PROBLEM REQUIREMENTS:
In the entries below, find the line with "2. Lubricate and" and the line with "We are incredibly", then retype both and everything between them exactly. Do not copy the pictures.

RECORDS FOR THE TASK:
Start of Block

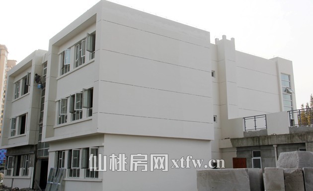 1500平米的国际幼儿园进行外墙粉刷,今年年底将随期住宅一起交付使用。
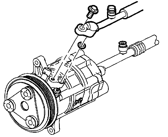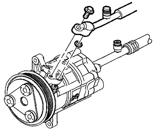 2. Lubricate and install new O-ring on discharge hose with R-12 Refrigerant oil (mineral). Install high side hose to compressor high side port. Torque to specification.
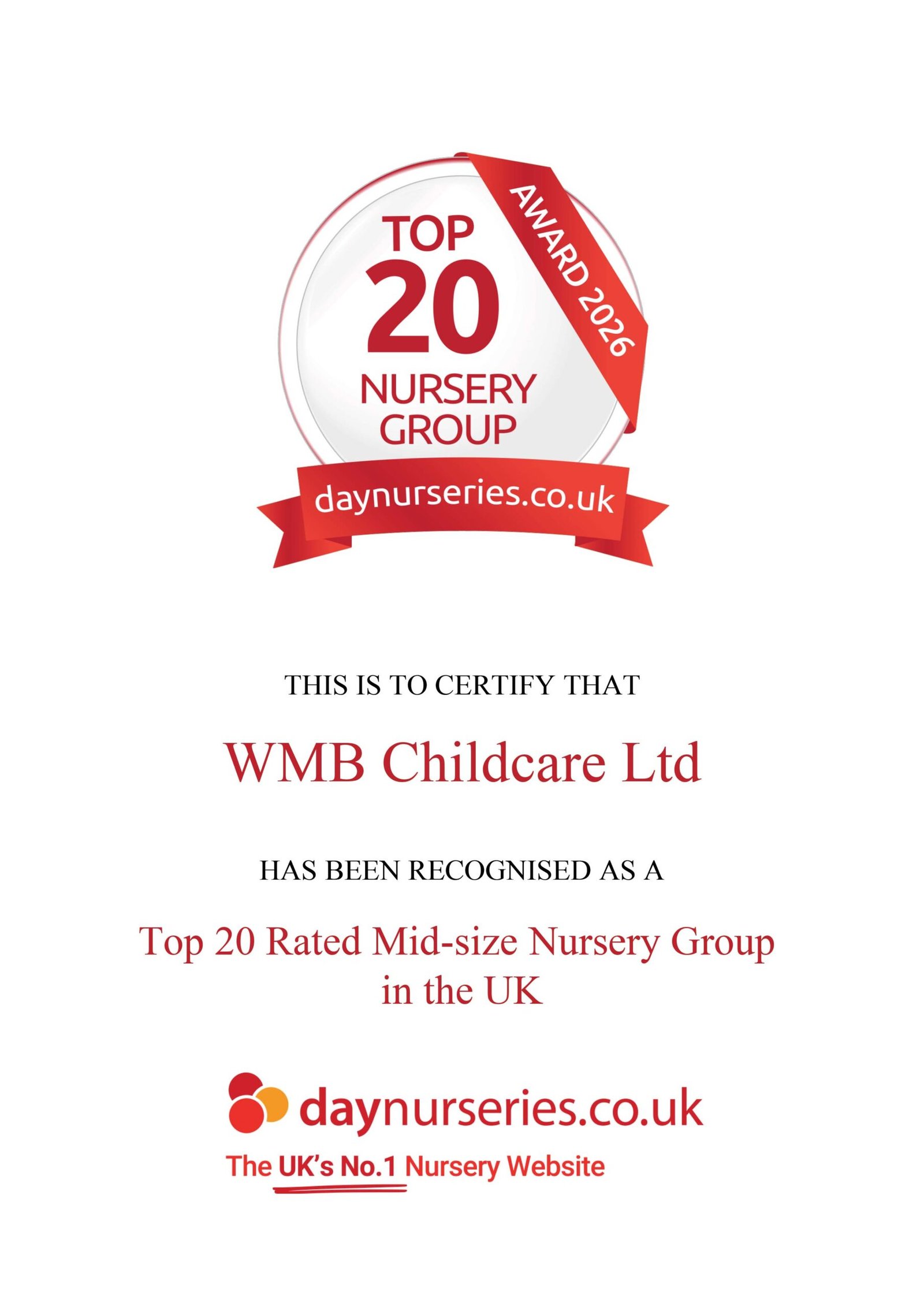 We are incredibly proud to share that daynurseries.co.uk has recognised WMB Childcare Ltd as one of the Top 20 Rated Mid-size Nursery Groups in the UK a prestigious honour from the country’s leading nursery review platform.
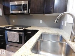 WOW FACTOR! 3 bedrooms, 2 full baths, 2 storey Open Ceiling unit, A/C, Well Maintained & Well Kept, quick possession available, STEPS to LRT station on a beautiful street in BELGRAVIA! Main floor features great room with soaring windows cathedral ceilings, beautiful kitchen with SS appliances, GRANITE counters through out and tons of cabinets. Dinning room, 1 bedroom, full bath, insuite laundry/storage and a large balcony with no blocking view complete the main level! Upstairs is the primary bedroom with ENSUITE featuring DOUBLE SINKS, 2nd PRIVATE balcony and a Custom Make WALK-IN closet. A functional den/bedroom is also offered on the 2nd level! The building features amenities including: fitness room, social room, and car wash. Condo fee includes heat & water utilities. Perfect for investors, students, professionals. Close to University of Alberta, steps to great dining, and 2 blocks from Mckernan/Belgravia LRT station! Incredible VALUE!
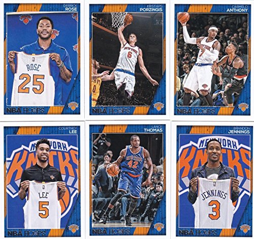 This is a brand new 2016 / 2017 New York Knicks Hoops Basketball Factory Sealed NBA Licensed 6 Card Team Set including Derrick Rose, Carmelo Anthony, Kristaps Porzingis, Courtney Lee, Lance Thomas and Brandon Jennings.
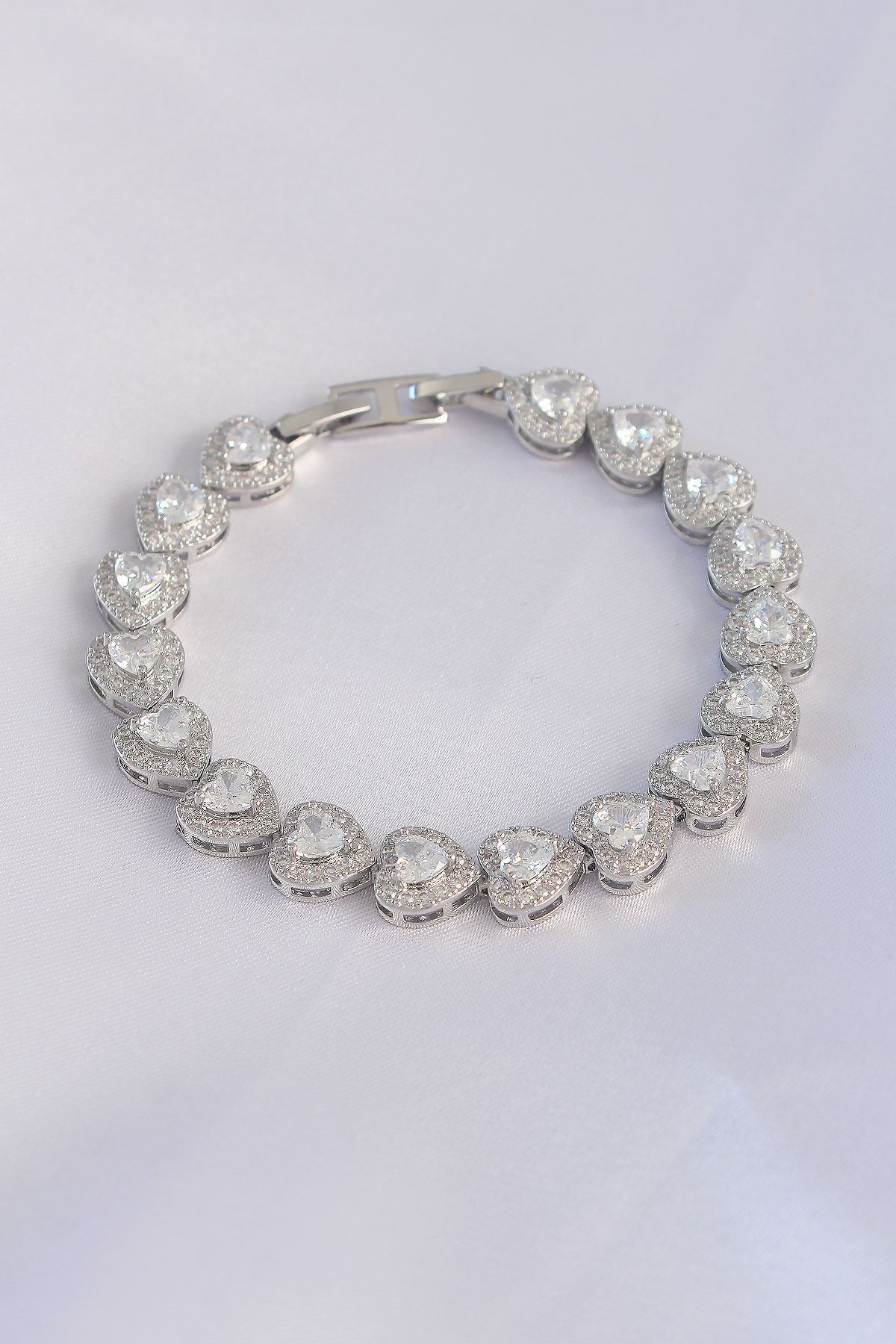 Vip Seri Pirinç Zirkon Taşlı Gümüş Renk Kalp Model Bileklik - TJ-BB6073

End of Block

THE ANSWER:
 2. Lubricate and install new O-ring on discharge hose with R-12 Refrigerant oil (mineral). Install high side hose to compressor high side port. Torque to specification.
 We are incredibly proud to share that daynurseries.co.uk has recognised WMB Childcare Ltd as one of the Top 20 Rated Mid-size Nursery Groups in the UK a prestigious honour from the country’s leading nursery review platform.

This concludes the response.